Plant Reproduction (most years): Know the parts of a flower — stamen (anther + filament), pistil (stigma + style + ovary + ovule). Know the difference between insect-pollinated and wind-pollinated flowers and their physical characteristics. Know the four seed dispersal methods — wind, water, animal (eaten), animal (attached), and self-dispersal — with one example of each.

Water Cycle (most years): Know the four processes — evaporation, condensation, precipitation, collection. Know that transpiration from plants also adds water vapour to the atmosphere. Be able to explain the formation of clouds (water vapour rises, cools, condenses around dust particles). Know why puddles disappear on a hot sunny day (evaporation, not absorption into the ground).

The Because-Therefore Formula for Section B

For every "explain why" question in PSLE Science Section B, use this structure: state the scientific reason using a keyword, then state the outcome using "therefore" or "so." For example: "Because the circuit is broken, therefore no current can flow and the bulb does not light up." Or: "Because there is insufficient light, the plant cannot carry out photosynthesis, therefore no glucose is produced." Practise writing answers in this format for every topic — it forces you to include both the cause and the effect, which is what the mark scheme rewards.
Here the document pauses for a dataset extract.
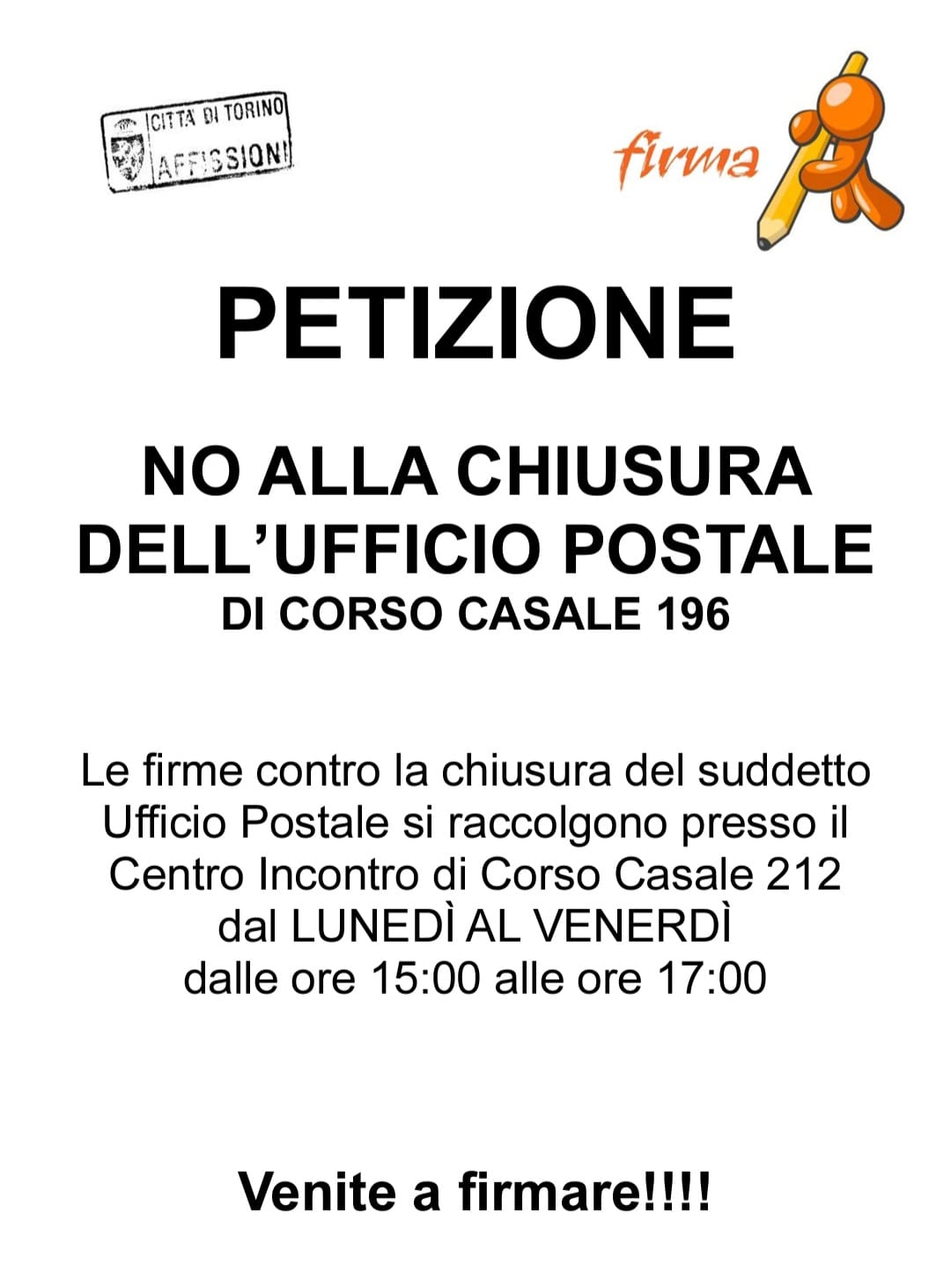 Quello di corso Casale 196 è uno dei cinque uffici postali della città a rischio chiusura. Decisione di Poste Italiane che ha messo in allarme il mondo della politica e i residenti dei vari quartieri (gli uffici in questione si trovano in via Nizza 88 (Torino 55), via Francesco Guicciardini 28 (Torino 13); via Verres 1/A (Torino 78); corso Casale 196 (Torino 53) e via alla Parrocchia 3/A (Torino 54).

Fair Test Questions — A Guaranteed Section B Topic

Fair test questions appear in almost every PSLE Science paper. The structure of a correct answer is always the same: identify the variable being tested (the independent variable), state what is being measured (the dependent variable), and list what must be kept the same (the controlled variables). For example, if testing whether sunlight affects plant growth: the independent variable is the amount of sunlight, the dependent variable is the height of the plant after two weeks, and the controlled variables are the type of plant, amount of water, amount of soil, size of pot, and temperature. Full marks require all three elements.

⏰ Final night advice: The night before PSLE Science, do not attempt a full paper. Instead, spend 30 minutes reading through your keyword list for the four highest-frequency topics — forces, electricity, food chains, and photosynthesis. Then get a full night of sleep. A well-rested brain retrieves information significantly faster and more accurately than a tired one. Everything you need is already in your memory. The goal of the final night is to help your brain access it smoothly.